As the league season nears it’s mid-way point, McGeouch believes things will begin to take shape in the Premiership given the number of games each team will be playing this month prior to the winter break beginning in early January.
He said: “At the moment the league is a bit tight, it’s changing week-by-week from second to fourth. Come January I think it will be a bit clearer. Just now there are one or two points in it so it’s up to us to keep it going, to keep the pressure on and I feel we have the squad to do that.
“Every team has a lot of games over the next few weeks so we need to be ready to capitalise on teams about us dropping points. We finished before the international break with four wins in just two weeks, a great little run and that’s the sort of form we want to get back to.”
Hibs will have to attempt to do so, however, without the services of midfielder powerhouse John McGinn who is suspended for tomorrow’s match, six yellow cards having brought him an automatic one-game suspension.
The Scotland star will be sorely missed but Lennon does have options, the most obvious seeming to be Lithuanian internationalist Vykintas Slivka, who has been forced to wait patiently on the sidelines given the form of Hibs central midfield duo.
McGeouch said: “John is a big player for us, he’s a lot of what we do as a team so it isn’t great losing him. But we have strength in depth and this is an opportunity for someone to come in and try to impress. I’m sure whoever it is will be focused on doing that.
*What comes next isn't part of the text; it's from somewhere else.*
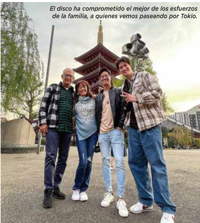
El disco ha comprometido el mejor de los esfuerzos de la familia, a quienes vemos paseando por Tokio.

“A pesar de haber trabajado con muchos artistas famosos y estar acostumbrados a ello, mis hijos me han ayudado muchísimo para que todo salga bien. Ésa es una de las cosas que también me ha hecho muy feliz: ver cómo se desenvuelven en el terreno profesional y recibir de ellos tanta comprensión y, sobre todo, paciencia. Todo esto para mí es nuevo y siempre me alentaron a hacerlo mejor”, comenta sobre cómo fue tener como productores a sus propios hijos.

“Vicky has been great since he came in and is more than ready. But there’s a few others waiting for the chance, you can see that in training this week so whatever team the manager decides to put out will, I am sure, be capable of getting the job done.”
Partick face an even tougher December than most, Alan Archibald’s side facing eight matches having had only two in November, leaving McGeouch to ponder whether or not that will help the Jags tomorrow.
He said: “It’s one of those situations, it can be positive or negative, a chance to get the feet up and perhaps let one or two payers get over niggles, or being a bit rusty, you can’t tell.
“It’s good to keep playing, but I don’t think it will be a major factor. If it is, I hope it’s to our advantage.”